### ACTION ITEM
In the records below, begin at the line containing "niedobór manganu w burakach cukrowych" and end at the line containing "Il Centro Fiera di Montichiari."; quote every line in that span exactly, including both boundary lines, and no others.

### DATASET RECORDS
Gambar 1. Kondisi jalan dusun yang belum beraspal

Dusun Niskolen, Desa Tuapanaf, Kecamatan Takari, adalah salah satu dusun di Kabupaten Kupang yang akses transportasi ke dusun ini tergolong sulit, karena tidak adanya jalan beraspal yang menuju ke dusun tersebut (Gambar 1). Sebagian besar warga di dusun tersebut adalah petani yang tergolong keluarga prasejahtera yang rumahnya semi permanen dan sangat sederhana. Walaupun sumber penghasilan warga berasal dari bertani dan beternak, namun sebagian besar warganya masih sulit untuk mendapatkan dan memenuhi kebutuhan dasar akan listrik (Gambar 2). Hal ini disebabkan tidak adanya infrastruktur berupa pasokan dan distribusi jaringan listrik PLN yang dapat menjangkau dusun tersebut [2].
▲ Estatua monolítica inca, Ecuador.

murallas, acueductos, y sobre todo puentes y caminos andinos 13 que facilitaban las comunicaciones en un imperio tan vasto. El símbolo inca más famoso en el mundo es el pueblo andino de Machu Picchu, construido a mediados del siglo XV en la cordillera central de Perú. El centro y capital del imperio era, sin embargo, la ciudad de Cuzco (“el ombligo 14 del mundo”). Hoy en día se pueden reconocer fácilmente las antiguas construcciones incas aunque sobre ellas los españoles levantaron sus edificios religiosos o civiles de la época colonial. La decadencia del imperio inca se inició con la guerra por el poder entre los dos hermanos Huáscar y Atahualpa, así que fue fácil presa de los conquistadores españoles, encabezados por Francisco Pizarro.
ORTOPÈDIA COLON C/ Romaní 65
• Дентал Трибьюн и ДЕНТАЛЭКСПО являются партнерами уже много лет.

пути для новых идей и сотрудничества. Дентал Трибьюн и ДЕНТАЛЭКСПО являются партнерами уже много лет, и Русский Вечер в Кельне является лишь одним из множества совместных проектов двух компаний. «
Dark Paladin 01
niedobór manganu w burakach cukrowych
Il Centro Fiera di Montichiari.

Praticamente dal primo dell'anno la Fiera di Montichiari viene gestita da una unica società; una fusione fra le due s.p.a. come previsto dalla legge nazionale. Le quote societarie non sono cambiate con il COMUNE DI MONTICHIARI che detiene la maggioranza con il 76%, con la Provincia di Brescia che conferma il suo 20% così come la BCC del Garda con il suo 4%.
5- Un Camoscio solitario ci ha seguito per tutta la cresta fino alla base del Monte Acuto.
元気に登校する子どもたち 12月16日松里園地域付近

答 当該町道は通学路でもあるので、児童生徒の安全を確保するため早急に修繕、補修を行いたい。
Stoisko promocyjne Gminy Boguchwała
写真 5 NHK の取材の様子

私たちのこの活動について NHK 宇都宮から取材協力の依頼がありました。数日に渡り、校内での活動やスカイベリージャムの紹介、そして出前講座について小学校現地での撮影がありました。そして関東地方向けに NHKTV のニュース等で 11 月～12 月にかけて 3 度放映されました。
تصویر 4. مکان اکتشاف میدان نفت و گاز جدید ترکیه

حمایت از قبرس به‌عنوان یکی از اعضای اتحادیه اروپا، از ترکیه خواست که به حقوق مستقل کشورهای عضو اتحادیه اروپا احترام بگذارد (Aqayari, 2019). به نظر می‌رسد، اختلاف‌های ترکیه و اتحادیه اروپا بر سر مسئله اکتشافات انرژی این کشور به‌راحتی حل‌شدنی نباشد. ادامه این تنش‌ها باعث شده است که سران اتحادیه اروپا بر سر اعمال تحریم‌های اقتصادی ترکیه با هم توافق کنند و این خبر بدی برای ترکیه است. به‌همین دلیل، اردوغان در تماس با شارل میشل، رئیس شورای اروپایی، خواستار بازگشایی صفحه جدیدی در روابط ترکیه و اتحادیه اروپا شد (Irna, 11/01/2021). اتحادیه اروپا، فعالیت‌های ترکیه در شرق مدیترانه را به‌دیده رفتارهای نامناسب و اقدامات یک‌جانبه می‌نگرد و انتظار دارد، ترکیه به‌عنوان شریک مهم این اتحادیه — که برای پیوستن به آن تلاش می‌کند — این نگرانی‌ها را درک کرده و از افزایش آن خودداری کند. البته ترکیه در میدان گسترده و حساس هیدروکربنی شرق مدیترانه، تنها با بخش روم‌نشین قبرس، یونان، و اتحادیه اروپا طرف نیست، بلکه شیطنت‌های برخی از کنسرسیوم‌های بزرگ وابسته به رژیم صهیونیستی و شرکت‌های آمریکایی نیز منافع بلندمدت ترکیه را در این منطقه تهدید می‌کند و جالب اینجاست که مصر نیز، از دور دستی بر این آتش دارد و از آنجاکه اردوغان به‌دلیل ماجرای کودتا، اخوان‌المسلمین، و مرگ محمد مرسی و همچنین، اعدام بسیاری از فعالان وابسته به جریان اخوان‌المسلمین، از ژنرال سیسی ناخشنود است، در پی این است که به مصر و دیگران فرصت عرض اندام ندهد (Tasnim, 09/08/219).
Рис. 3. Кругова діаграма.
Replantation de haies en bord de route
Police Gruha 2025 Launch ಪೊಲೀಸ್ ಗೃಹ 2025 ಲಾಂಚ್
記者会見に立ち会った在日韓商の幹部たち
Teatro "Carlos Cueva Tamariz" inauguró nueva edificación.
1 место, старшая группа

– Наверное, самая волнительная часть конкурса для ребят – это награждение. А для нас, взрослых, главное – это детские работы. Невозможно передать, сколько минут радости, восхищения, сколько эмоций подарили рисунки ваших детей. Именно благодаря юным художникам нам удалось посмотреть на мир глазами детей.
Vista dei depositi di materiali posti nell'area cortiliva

### EXPECTED ANSWER
niedobór manganu w burakach cukrowych
Il Centro Fiera di Montichiari.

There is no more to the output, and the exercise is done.